Гурджиев перешёл к тому, что поскольку они очень образованные люди, то, несомненно, знают – поскольку такая скромная персона, как он, это знает, то они и подавно – что человечество в основном находится в очень жалком положении и может рассматриваться только как вырождающееся в обычные отходы, или, используя более привычный термин, в полное «дерьмо». И эта трансформация человечества в нечто бесполезное была особенно очевидной в Америке. Вот зачем он приехал – понаблюдать за этим.

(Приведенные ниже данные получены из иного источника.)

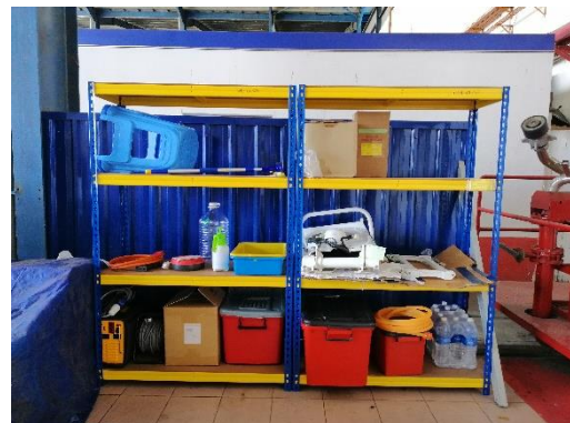
Figure 4: Maintenance Racks
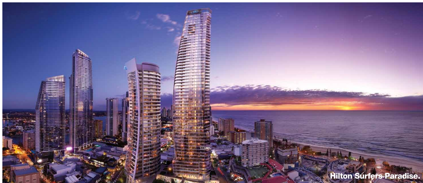
Hilton Surfers Paradise.

Он продолжал говорить, используя, конечно же, только бранные слова, которые мы с ним ранее выучили, что главная причина такого печального положения дел в том, что люди (особенно американцы) никогда не руководствуются разумом или хорошими чувствами, но только потребностями (обычно неприличными) их половых органов. Гурджиев указал на одну хорошо одетую привлекательную женщину, сделал комплимент её причёске, платью, духам и т. д., и добавил, что, несмотря на то, что она, конечно же, может не хотеть, чтобы кто-либо знал её мотивы или желания, с ним она вполне может быть честной. Все её причины столь тщательно следить за собой лежат в том, что у неё сильное сексуальное влечение (как он сказал, «желание трахаться») к какому-то конкретному человеку, и она так мучается этим, что использует каждую возможность, каждую уловку, какую только может придумать, для того, чтобы заполучить в постель этого человека. Гурджиев сказал, что её влечение было особенно сильным, потому что у неё очень богатая фантазия, и она уже представила себя в различных сексуальных позах с этим человеком. «Например, – как у вас в английском? – поза 69?» Поэтому при помощи своего воображения она сейчас готова к тому, чтобы сделать всё для достижения своей цели. Хотя компания была несколько поражена подобными размышлениями (чтобы не сказать «приятно возбуждена»), до того как кто-либо сообразил как-то среагировать, Гурджиев начал рассказывать о собственных сексуальных возможностях и богатстве фантазии, описывая себя как мужчину, способного на продолжительные и очень разнообразные половые акты – такие, которые леди, о которой шла речь, даже представить себе не могла.
Затем он бросился в детальный рассказ о сексуальных привычках разных рас и наций, в течение которого он отметил, что хотя французы известны всему миру своими любовными доблестями, необходимо отметить для присутствующих тот факт, что те же высокоцивилизованные французы используют такие слова, как «мамаша» и «киска» для описания своих противоестественных и извращённых сексуальных предпочтений. Однако Гурджиев добавил, что при всей строгости к французам, они, на самом деле, очень нравственные люди, сексуально непонятые и представленные в ложном свете.